Today, we take the accessibility of manufactured goods largely for granted. In this era of automation and digitization, our wish is the command of machines innumerable, with technology having advanced to a point where we can produce complex items either en masse or as bespoke pieces, printed out within the comfort of our homes. It is therefore difficult for most of us to truly fathom the kind of craftsmanship, creativity, and expertise that went into creating the earliest glass pieces, to put ourselves in the minds of people who—barely removed from the Stone Age—drew up handfuls of sand and ash and began to imagine the possibilities. For all that technology has diversified what it can create, we have all but lost touch with the alchemy of human spirit and raw materials, which was once the mother of all invention.
Bronze Age Glass Art Techniques
During the Bronze Age, manufacturing glass art was a slow, laborious process; not only were furnaces small, but the heat they produced was barely sufficient to melt glass. The blowpipe, the innovation which ultimately allowed glass to become mainstream, would not be experimented with until the first century BCE; until then, the diligent craftsmen of Egypt, Mesopotamia, Greece, and Southern Asia had to manipulate glass via the following methods:
Core Formation
The earliest glass vessels known to archaeologists, found in the ruins of ancient Mesopotamia, were “core formed”. To create a core-formed vessel, Mesopotamian glassmakers shaped a clay core around a metal rod, baked the core to harden it, and then painstakingly wrapped molten glass around it. Alternately, some artisans would dip the core in the glass.
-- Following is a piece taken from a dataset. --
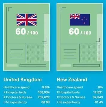 新西兰的总分为60分。健康医疗占GDP的9%,人均寿命为81.45岁,拥有12821张病床,62843名医生和护士;
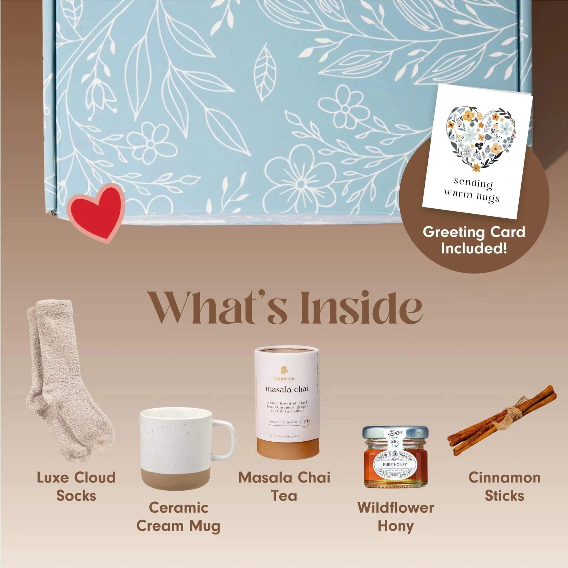 High-Quality Products: Each item in our tea gift box is handpacked and carefully selected to ensure the highest quality. From cozy fluffy socks to Organic Cedarwood Chai Tea our products are designed to provide the best pampering experience.

While the presence of the core ensured that the vessel would have a usable and relatively uniform interior, separating the core from the glass object was no easy task; once the glass had cooled completely, the glassmaker would have to remove the metal rod and then slowly pick out the clay core with a sharp object. Nevertheless, many of these early glass artists chose to take the time to decorate their work; Mesopotamian vessels were often wrapped with threads of coloured glass to create aesthetically pleasing designs.
Fusing and Slumping
In order to create more complex pieces, glassworkers in ancient Mesopotamia took to using a technique known as “fusing and slumping”. Fusing saw several different pieces of glass being assembled together before the seams were joined using heat, whereas slumping involved taking a piece of glass (sometimes shaped beforehand via fusing) and placing it into a mould, where it could be heated until it “slumped” and conformed to the shape of the mould.
The Hellenistic Greeks used fusing and slumping to great effect, mastering the creation of large pieces like vases, jugs, and various tablewares. They also experimented with the earliest-known rendition of the “millefiori” technique—a method that is still used to create glass art today. (To create their millefiori works, the Greeks placed canes of sliced multi-coloured glass into a mould, then fused them with heat, creating a mosaic effect.)
Chunk Casting
Chunk casting was popular in the ancient world because, as mentioned in Coloured Glass: Before The Age of Glass Blowing, the recipes needed to create glass from raw materials were so closely guarded during the Bronze Age that they were akin to state secrets. Chunk casting, as the name suggests, utilised premade chunks of unshaped glass (referred to as “ingots”); artisans placed the ingots into clay moulds and then heated them until they took on the mould’s shape. While this method was far from perfect—it produced gases which created swirls and bubbles along the walls of core-formed vessels—these blemishes were, to Bronze Age people still freshly enamoured with this mesmerising new material, a decorative feature.
Glass Grinding
The unsophisticated methods of glass production outlined above seldom ever produced pieces that could be pulled from their moulds and declared complete; these early techniques often left visible excess material along seam lines, among other issues. As such, Bronze Age glass artists would wait for their wares to cool completely, then reach for a specialised grinding stone; with this, they would slowly and carefully grind away excess glass, refine decorations, and eventually produce pieces fit for the Emperors, Kings, and nobles that formed their clientele.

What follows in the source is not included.